Live album by Keith Jarrett
- Released: October 1988
- Recorded: April 11, 1987
- Venue: Suntory Hall Tokyo, Japan
- Length: 58:16
- Label: ECM ECM 1379
- Producer: Manfred Eicher

Keith Jarrett chronology
| Still Live (1988) | Dark Intervals (1988) | Personal Mountains (1989) |

Keith Jarrett solo piano chronology
| Concerts (1982) | Dark Intervals (1988) | Paris Concert (1990) |

= Dark Intervals =

Dark Intervals is a live solo album by American jazz pianist Keith Jarrett recorded at the Suntory Hall in Tokyo on April 11, 1987 and released on ECM the following year.

==1987 solo concerts==
Dark Intervals was recorded during the Japan leg of Jarrett's 1987 solo tour playing nine concerts in the U.S., Japan and Brazil.

- March 7 - New York City (USA)
- March 27 - New York City (USA)
- April 5 - San Francisco (USA)
- April 11 - Tokyo (Japan)
- April 12 - Tokyo (Japan)
- April 14 - Tokyo (Japan) [Jarrett performing standards; DVD edition in NTSC format only]
- May 24 - Rio de Janeiro (Brazil)
- May 28 - Sao Paulo (Brazil)
- May 31 - Rio de Janeiro (Brazil)

==Reception==
Down Beat author Josef Woodard, on his introductory notes to a 1989 Jarrett interview, states that:Dark Intervals, particularly, is a testament to Jarrett’s recent objective of broadening his scope while paring down to the essence of music—and being. So, while he plots courses in parallel universes—planning to record Bach’s Goldberg Variations on harpsichord and new works by Lou Harrison and Alan Hohvaness in the classical world, and reviving jazz standards in his trio—Jarrett is also searching for new meaning in a basic E minor chord. He’s thinking about the river’s source as well as its effects.The Stereophile review by Richard Lehnert gave the album the "Recording of March 1989" award, stating:This album of often profound beauty, had it been released by anyone else, would call for much more acclaim; as it is, it's just another Jarrett solo masterpiece in the tradition of Staircase and The Moth and the Flame.

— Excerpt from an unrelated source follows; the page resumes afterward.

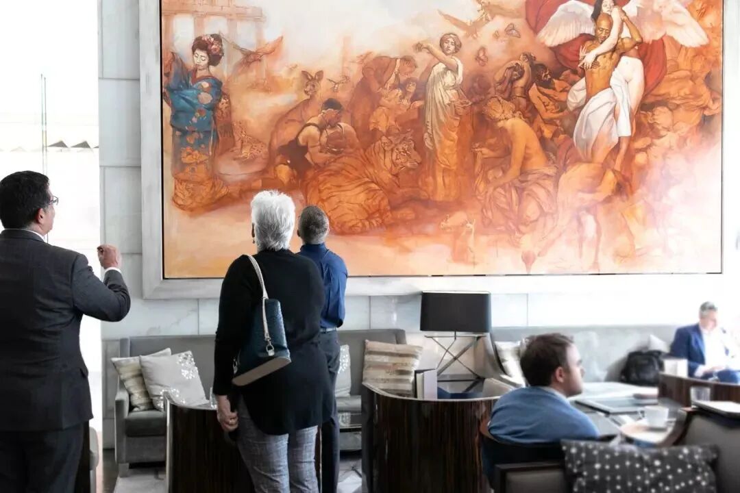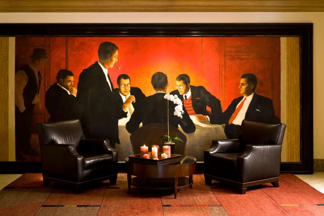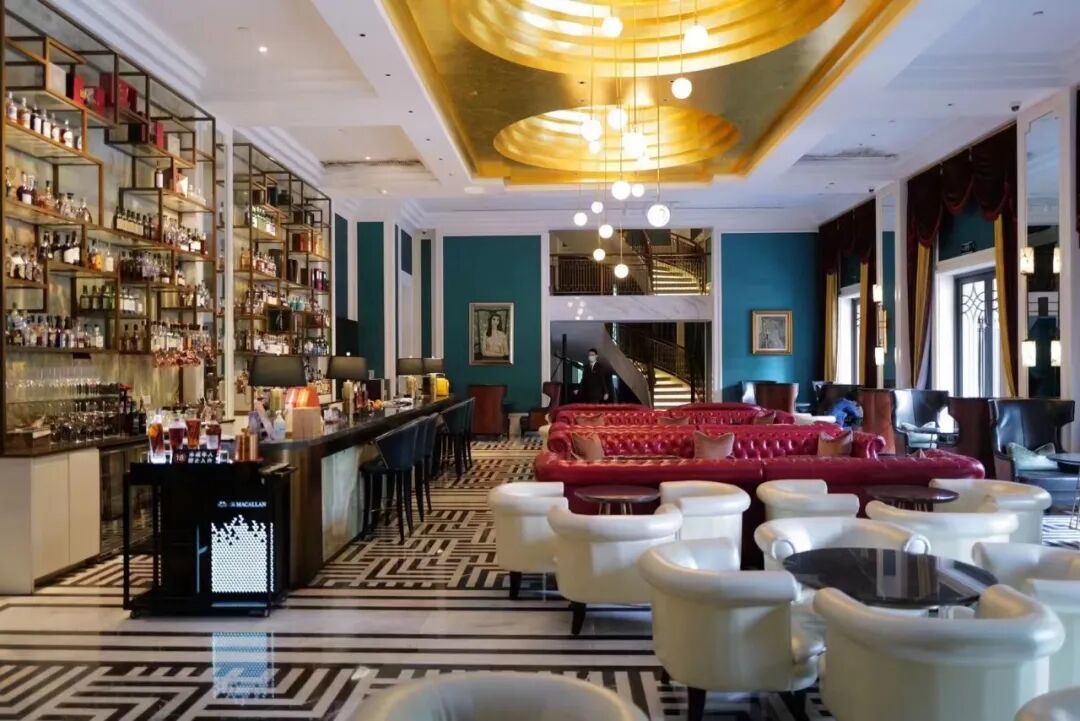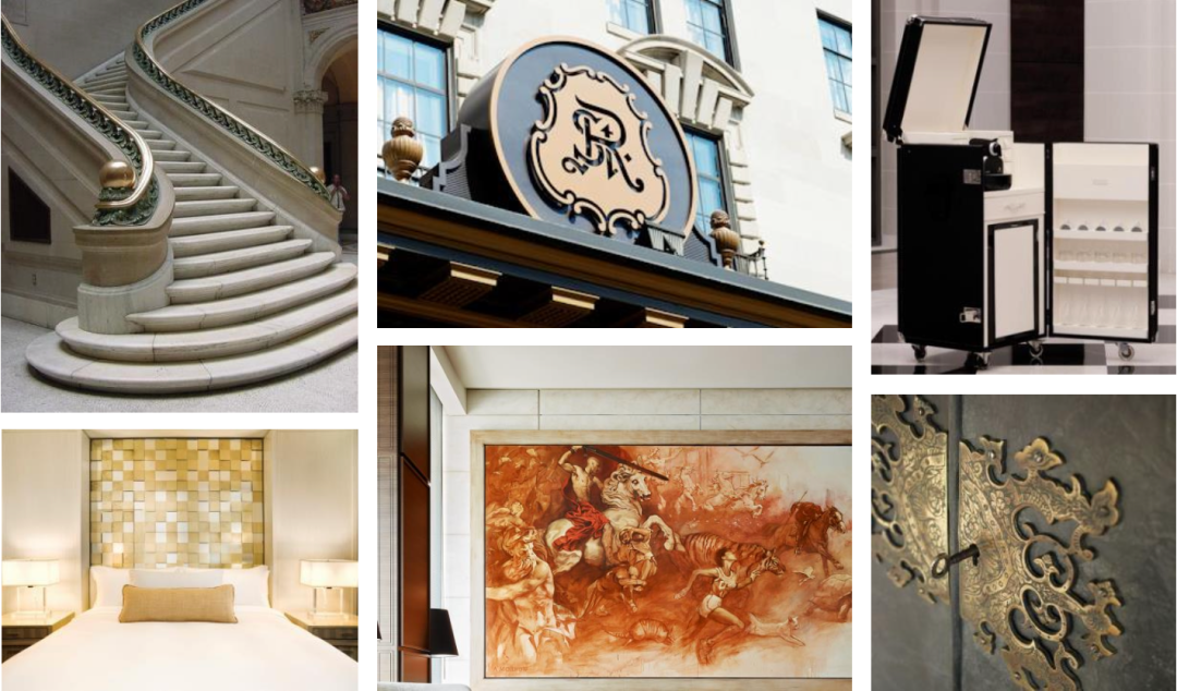 一般,一间瑞吉的场景需要包括落客区(Porte Cochere)、门厅(Entry Vestibule)、藏书阁、Drawing Room、酒窖,并需要缀以旋转楼梯、枝形吊灯、壁画、青铜装饰、建筑水印、戏剧性的花艺组团等等,至于忠于镀金年代还是焕新演绎,任凭“店”意。

The CD's DDD sound is some of the most natural solo piano sound I've heard (assuming you listen with your ears nearly touching the soundboard), entirely without harshness or glare. But, good as the CD is, the LP is better in the usual ways—deeper, rounder, more full, with greater three-dimensionality."The AllMusic review by Richard S. Ginell awarded the album 3 stars and states that, "it sounds like a formal recital of individual compositions [...] Keith is often in an introspective, even dark mood [...] The Jarrett devotee will want this; others should use caution". A review in The New York Times called Jarrett's playing on this album "more spare and austere than on his 1975 solo masterpiece The Köln Concert."

Professional ratings
Review scores
| Source | Rating |
| AllMusic |  |
| The Penguin Guide to Jazz Recordings |  |

==Track listing==
All compositions by Keith Jarrett
1. "Opening" - 12:53
2. "Hymn" - 4:58
3. "Americana" - 7:12
4. "Entrance" - 2:55
5. "Parallels" - 4:58
6. "Fire Dance" - 6:51
7. "Ritual Prayer" - 7:12
8. "Recitative" - 11:17

== Personnel ==
- Keith Jarrett – piano

=== Technical personnel ===
- Manfred Eicher – producer
- Kimion Oikawa – recording engineer
- Barbara Wojirsch – cover design and layout
- Christian Vogt – cover photography

== Original liner notes ==
The original liner notes state:Touch is only possible at the edge of spaces.
Light is only precious during dark intervals.